Behandlungsplan mit Kostenvorausberechnung

Der Behandlung vorausgehend sind gesetzlich vorgeschriebene bürokratische Arbeiten zu erledigen.

Da wir den Behandlungsvorschlag allein auf unsere fachzahnärztliche Erfahrung aufbauen unterscheiden wir bei unserem Vorschlag nicht zwischen gesetzlich und privat Versicherten.

Somit ergeben sich also Unterschiede bei der Behandlung nur im Bereich der von den jeweiligen Versicherungen/Kassen gewährten Zuschüsse zur Behandlung. Die Kosten der Behandlung richten sich nach den betriebswirtschaftlichen Erfordernissen der Praxis für die Behandlung und nicht nach den Besonderheiten der jeweiligen Kostenträger.

Privat Versicherte reichen den ihnen zugesandten Heil- und Kostenplan selbst bei ihrer Versicherung ein. Diese wird ihrem Versicherten dann mitteilen welche Zuschüsse zur Behandlung er je nach abgeschlossenem Tarif zu erwarten hat. Der Versicherte gibt uns "grünes Licht" zur Behandlung indem er zwei Exemplare des HKP unterschrieben in die Praxis zurückbringt.

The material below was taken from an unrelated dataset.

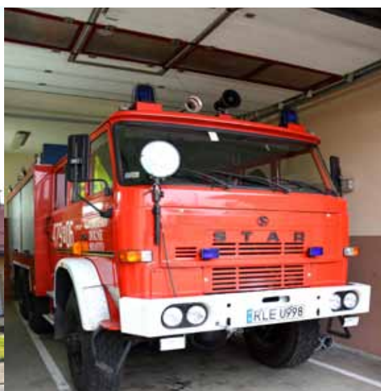
STAR 200 rok prod. 1989

Bei Gesetzlich Versicherten reichen wir einen Heil- und Kostenplan bei der Kasse zur Genehmigung der ausreichenden, zweckmäßigen, wirtschaftlichen und notwendigen Leistungen, welche das Beissen, Kauen, Sprechen und Atmen erheblich beeinträchtigen unter Berücksichtigung der KIG-Stufen zur Genehmigung der gesetzlich möglichen Leistungen (20 bzw 10% Eigenanteil bis zum Abschluss der Behandlung) ein.
Die medizinisch wünschenswerten ML/AVL-Leistungen erhalten die Versicherten detailliert aufgeschlüsselt als Behandlungspaket mit einem Teilzahlungsangebot zugesandt. Mit der Behandlung kann begonnen werden wenn sowohl der genehmigte Kassenplan von der Kasse zurück ist als auch die ML/AVL-Vereinbarung unterschrieben bei uns vorliegt.